Excessive Swapping with FreeBSD NUMA
Poor VM behaviour with ZFS ARC and unbalanced NUMA domains
Early last year I finally diagnosed a long-standing issue with my FreeBSD machine, which always had gobs of memory for things but which frequently encountered swap pressure for no discenerable reason.
This is a slightly edited copy of an unpublushed report I wrote back then, prior to the hardware being retired. Maybe it’ll be useful to someone.

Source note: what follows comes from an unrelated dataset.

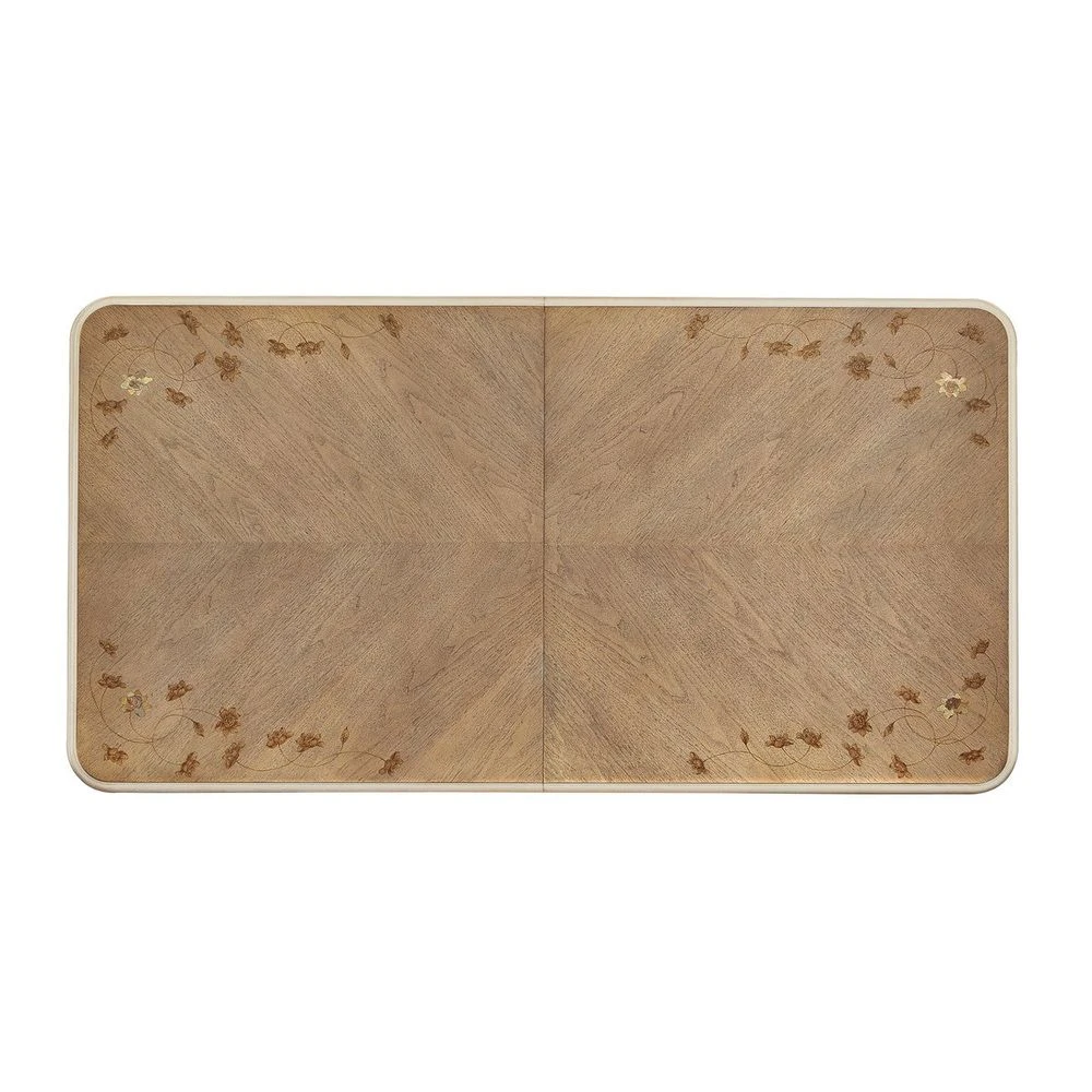 If you’re looking to take your dining room to new heights, look no further. Designed to impress, this spectacular rectangular dining table commands attention and conveys luxury in every detail. You may never use a tablecloth again once you see this one-of-a-kind table’s silkscreened top inspired by antique marquetry and accented with Mother of Pearl inlay. Three stunning signature finishes of Cendre, Champagne Mist, and Aglow combine to create a rich mix of metallics that reflect light and cast a warm glow. Shapely cabriole legs featuring period carvings support this table’s grand top and flow smoothly into the apron. Perfectly sized at 84 inches, the dining surface can be expanded to 120 inches with the addition of two 18-inch leavesÄîtransforming easily from family dinners to entertaining.

When migrating data from one large ZFS pool to another, I found my swap device filling up completely, despite enormous amounts of free memory (>50GB) and a relatively severe arc_max limit (64GB for a 160GB machine).
Further investigation noted that NUMA domain 0 (96GB) had the majority of the system’s free memory (90%+), while domain 1 (64GB) kept dipping past free_target, and rather than spilling over to the other domain, the system was choosing to swap out pages.
Dropping arc_max to 32GB has improved the situation, but is obviously far from ideal when so much memory is available.
This pdf of slides from MeetBSD 2018 contains a notable quote under “Low memory handling”: – “Does not work well if most of a domain is wired (e.g., by ARC)”
And similar behaviour is mentioned in the Phabricator review when NUMA was enabled by default.
I’ve seen many complaints about FreeBSD swapping with ZFS seemingly without reason – and as mentioned I’ve ran into this behaviour myself repeatedly – but I’ve never seen this mentioned as a potential cause.
To give some numbers, here’s a small sample of NUMA page activity from numastat during a large file copy when increasing arc_max 32GB back to 64GB.
DOMAIN ACTIVE INACTIVE LAUNDRY FREE
-------- -------- -------- -------- --------
0 1.91G 18.93G 4.91G 42.92G
1 1.76G 521.39M 5.24G 9.90G
After a few seconds it’s obvious ARC is completely favouring domain 1, eventually pushing it into its free page limits:
0 1.90G 18.93G 4.91G 42.91G
1 1.76G 521.50M 5.24G 2.20G
-------- -------- -------- -------- --------
0 1.90G 18.93G 4.91G 42.91G
1 1.76G 521.50M 5.24G 1.66G
-------- -------- -------- -------- --------
0 1.90G 18.93G 4.91G 45.05G
1 1.76G 521.50M 5.24G 2.96G
-------- -------- -------- -------- --------
0 1.90G 18.93G 4.91G 46.24G
1 1.76G 521.50M 5.24G 3.97G
After perhaps a dozen more seconds it’s dipped low enough to spill several gigabytes into swap:
0 1.91G 18.93G 4.91G 45.54G
1 1.72G 37.23M 5.48G 1.36G
-------- -------- -------- -------- --------
0 1.91G 18.93G 4.91G 45.39G
1 2.40G 12.38M 4.75G 1.06G
-------- -------- -------- -------- --------
0 1.91G 18.93G 4.91G 45.00G
1 2.48G 51.25M 4.49G 958.32M
-------- -------- -------- -------- --------
0 1.91G 18.94G 4.90G 44.90G
1 1.98G 11.13M 4.83G 1.10G
-------- -------- -------- -------- --------
0 1.91G 18.97G 4.87G 44.87G
1 2.24G 8.42M 4.42G 1.24G
As a workaround, I ended up disabling NUMA support in /boot/loader.conf
:
vm.numa.disabled=1
This combines both domains into a single unit, at some performance cost. I considered this a fair trade for not constantly running out of swap space!